Microsoft's AI research team accidentally leaked 38 terabytes of sensitive data when it published an open source training dataset via GitHub, including private keys, passwords, and personal backups of the company's computer employees.
Cloud security company Wiz discovered a GitHub repository from Microsoft's AI research division as part of its ongoing efforts to prevent accidental leaks of cloud-hosted data.
The company's AI research team allows users of the GitHub repository to download models via Azure storage account links because the repository provides open source code and AI models for AI discovery. "photo."
Wiz discovered that the link was intended to grant permissions to the entire storage account, inadvertently exposing additional private data.
The data contains sensitive personal information, including passwords, Microsoft service keys, and more than 30,000 internal Teams messages from 359 Microsoft employees.

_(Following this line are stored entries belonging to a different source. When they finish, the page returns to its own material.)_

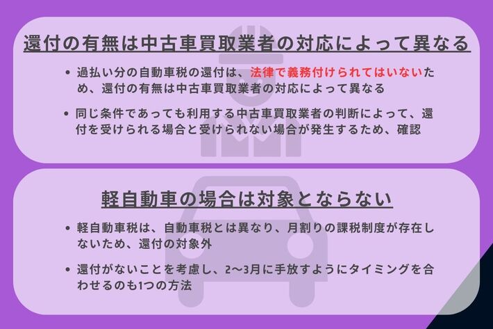 過払い分の自動車税の還付は、法律で義務付けられてはいないため、還付の有無は中古車買取業者の対応によって異なります。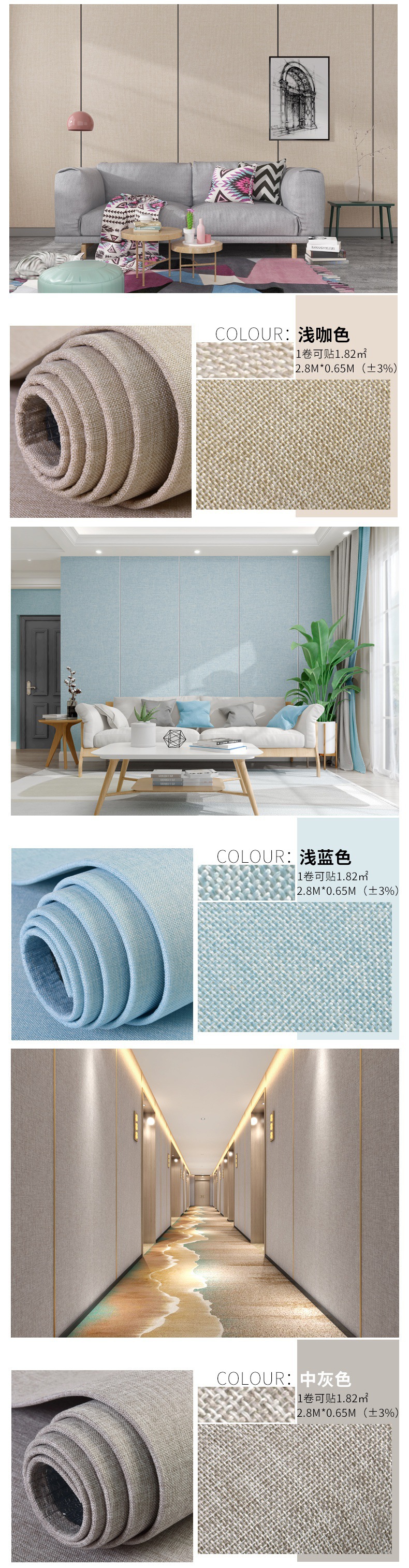 Vải dán tường cách âm dày tự dính chống ẩm chống va chạm vải lanh treo tường phòng khách khách sạn khách sạn phòng ngủ TV phông nền dán tường
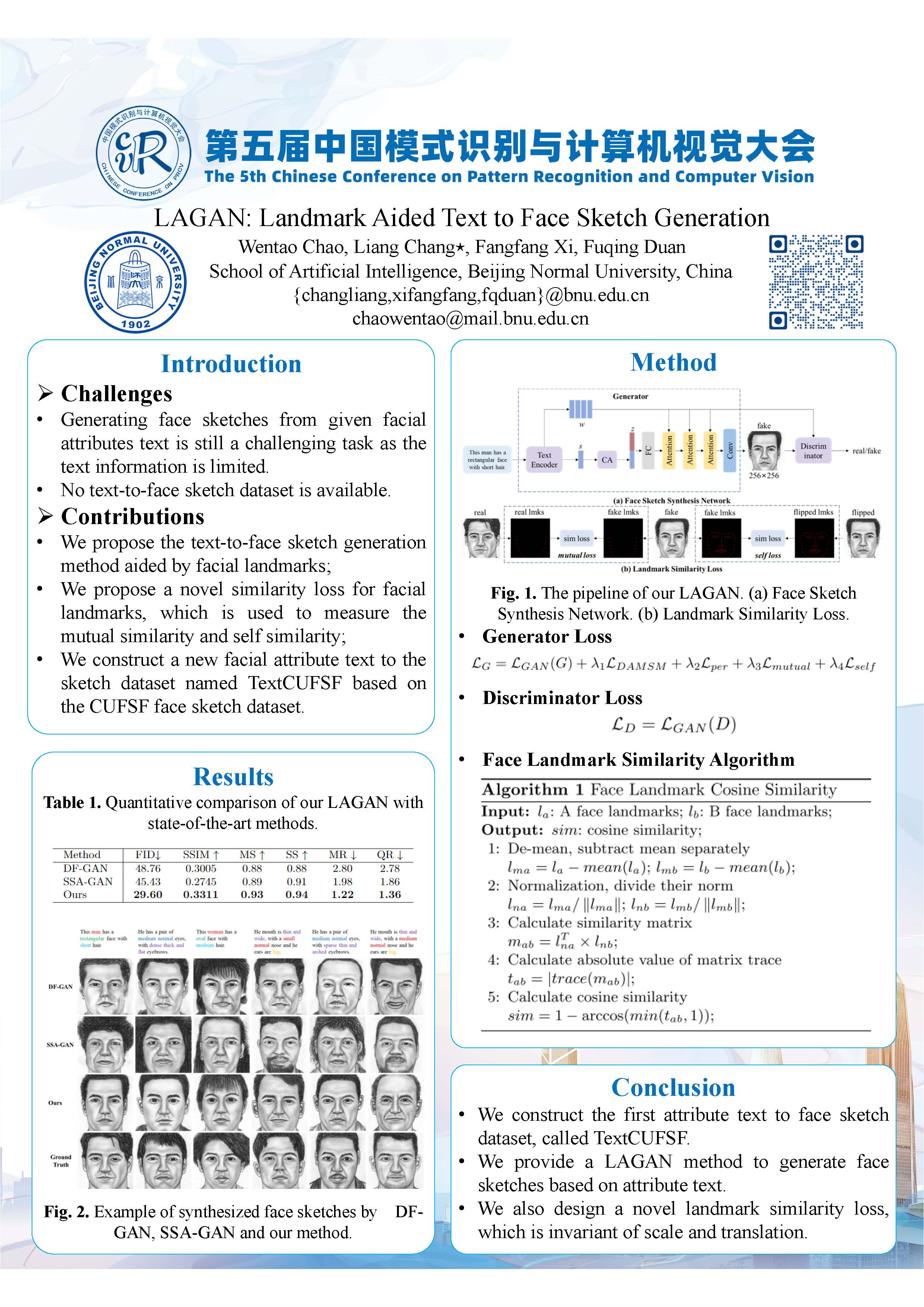 331 | LAGAN: Landmark Aided Text to Face Sketch Generation | Chao, Wentao; Chang, Liang*; Xi, Fangfang ; Duan, Fuqing |

The incorrect link setting also allows full control instead of read-only permissions, which means content can be removed and replaced with malware-infected content.
Microsoft's AI developers added a simple token to sign shared access within the link. Signed shared access tokens are a method used by Azure that allows users to create shareable links to grant access to data in their Azure storage account.
“Data scientists are working to bring new AI solutions into production, but the large amounts of data they process require additional security controls and protections,” Weese said.
“It is becoming increasingly difficult to monitor and avoid situations like Microsoft's where many development teams need to process large amounts of data, share data with colleagues, or collaborate on public open source projects,” she added.
Wiz said he shared his findings with Microsoft, which later rejected the Shared Access Signature token. Microsoft Security Response said: “No customer data or other internal services were compromised as a result of this issue.”
“We have expanded our GitHub service, which monitors all public changes to open source code, to expose plaintext credentials and other secrets to include all signed shared access tokens that may have expiration dates or additional privileges,” Microsoft said.